2. Customers and end users

If you use this site or the Enthuse Platform to make a payment to a charity, your personal data will also be provided directly to that charity and/or our client (for example, a professional fundraiser) who has licenced the Enthuse Platform for the benefit of a charity. Once passed to the charity or client, they also become a controller of that personal data and determine their own means and purposes for its use. Please make sure you carefully read and understand the charity’s and/or the client’s privacy policy (as applicable) and the way in which each party will use your personal information (including the ways and purposes for which they may contact you).      

This site contains links to third party websites that have their own privacy policy. You should make sure you carefully read and understand the third parties’ privacy policy before you submit any information on the website.     

3. Personal information we may collect on this site and how we use it 

We collect, use and are responsible for certain personal data about you. When we do so we are subject to the UK General Data Protection Regulation (UK GDPR). We are also subject to the EU General Data Protection Regulation (“EU GDPR”) in relation to goods and services we offer to individuals in the European Economic Area (EEA). We will collect personal data in the following circumstances:

Clients (including Charities) who register to use the Enthuse platform to support their fundraising strategy    

When an organisation (including a charity) registers with us as a client to licence our fundraising platform from us, it may provide or we may request personal information about its employees, directors or trustees of the charity. Such information may include an individual’s; name, title, address, email address, personal images, job title and telephone number.

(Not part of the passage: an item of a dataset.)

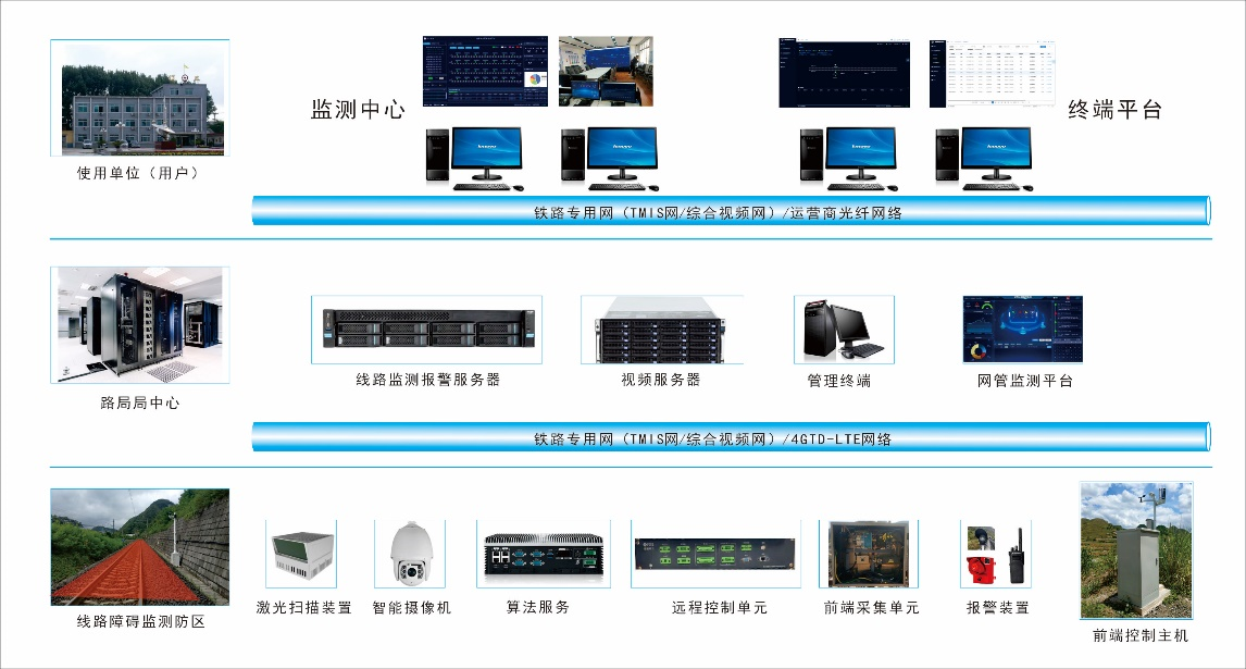 铁路线路横跨地域广泛,沿线环境复杂,在正常运行和维护方面具有更多的特殊性,因山体滑坡、泥石流、雪崩、洪水等导致的路基塌陷、公跨铁立交桥落物等异物侵限危及运输安全的情况也时有发生。为确保铁路行车安全,在各种气象条件下对线路及周边环境进行实时在线监测,自动发现侵入铁路限界内的障碍物,可避免铁路行车事故的发生,减轻值守人员的工作强度。

We will use this personal information to manage our relationship with the relevant organisation and perform our contractual obligations, including to notify the charity of any changes to the services and as part of our procedures to keep the Site safe and secure.

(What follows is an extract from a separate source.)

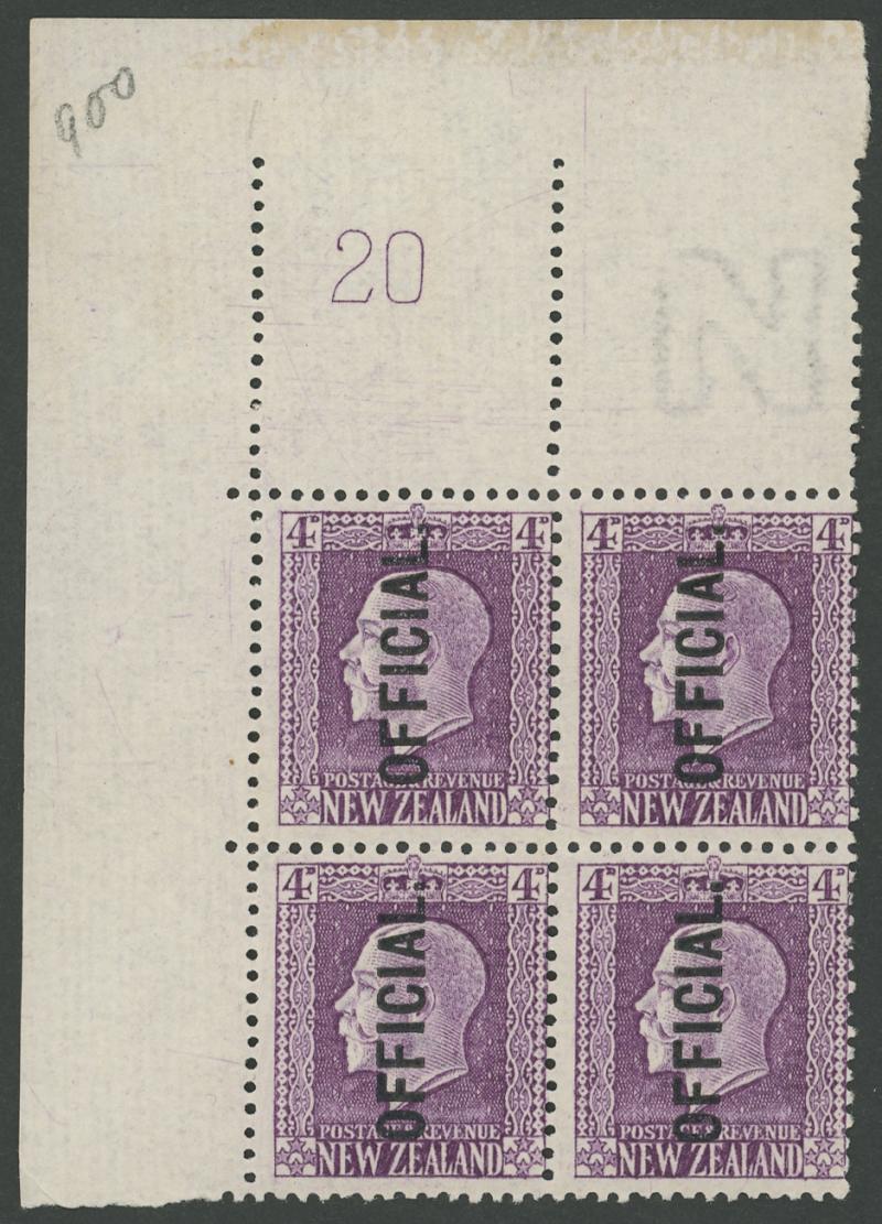 block of 4 from the upper-left corner of the sheet with Plate Number '20' at top CP KO5d([4], very fine, unmounted, Cat NZ$1000+ for mounted. Ex George Branam: sold in 2022 for NZ$675. (Image1) (Image2)

As a FCA regulated entity, we are also under a legal and regulatory obligation to carry out Anti Money Laundering (AML), Know Your Customer (KYC) and service background checks on the charity, its directors and potentially board members, this will involve using the personal information provided to carry out these checks. In some circumstances we may use a third-party supplier to carry out these checks for us. Our appointed suppliers will only use the personal information for the purpose of carrying out the background checks and searches that we request.

When processing this information, we rely on the lawful bases of performance of a contract, legal obligation and legitimate interests.

Individuals who open an account on the Site for the purpose of making a donation or fundraising    

In order to use our site and make a donation or fundraise, you will need to register an account or use the guest checkout feature. As part of the registration process you will be asked to provide personal data. When we request information as part of the registration process, we make it clear where the provision of information is required by law and where it is voluntary.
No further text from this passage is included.